Want to pass your Professional Data Engineer on Google Cloud Platform PROFESSIONAL-DATA-ENGINEER exam in the very first attempt? Try Pass2lead! It is equally effective for both starters and IT professionals.
VCE
You operate a database that stores stock trades and an application that retrieves average stock price for a given company over an adjustable window of time. The data is stored in Cloud Bigtable where the datetime of the stock trade is the beginning of the row key. Your application has thousands of concurrent users, and you notice that performance is starting to degrade as more stocks are added. What should you do to improve the performance of your application?

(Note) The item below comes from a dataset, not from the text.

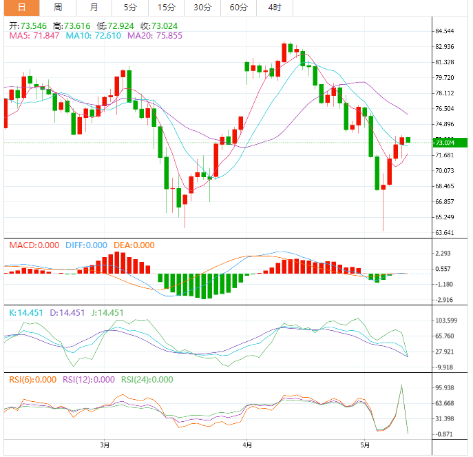 油价周三早盘下滑,美原油目前交投于73.14美元/桶附近,跌幅约0.5%,此前行业数据显示美国原油库存意外增加,同时投资者在等待美国4月通胀数据,该数据可能为美联储的下一次利率决定提供方向。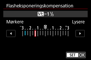 - Hvis flasheksponeringskompensation indstilles med Speedliten, kan du ikke indstille flasheksponeringskompensation med kameraet. Hvis den indstilles med både kameraet og Speedliten, tilsidesætter Speedlitens indstillinger kameraets.

A. Change the row key syntax in your Cloud Bigtable table to begin with the stock symbol.
B. Change the row key syntax in your Cloud Bigtable table to begin with a random number per second.
C. Change the data pipeline to use BigQuery for storing stock trades, and update your application.
D. Use Cloud Dataflow to write summary of each day's stock trades to an Avro file on Cloud Storage. Update your application to read from Cloud Storage and Cloud Bigtable to compute the responses.
You are using Google BigQuery as your data warehouse. Your users report that the following simple query is running very slowly, no matter when they run the query:
SELECT country, state, city FROM [myproject:mydataset.mytable] GROUP BY country
You check the query plan for the query and see the following output in the Read section of Stage:1:
What is the most likely cause of the delay for this query?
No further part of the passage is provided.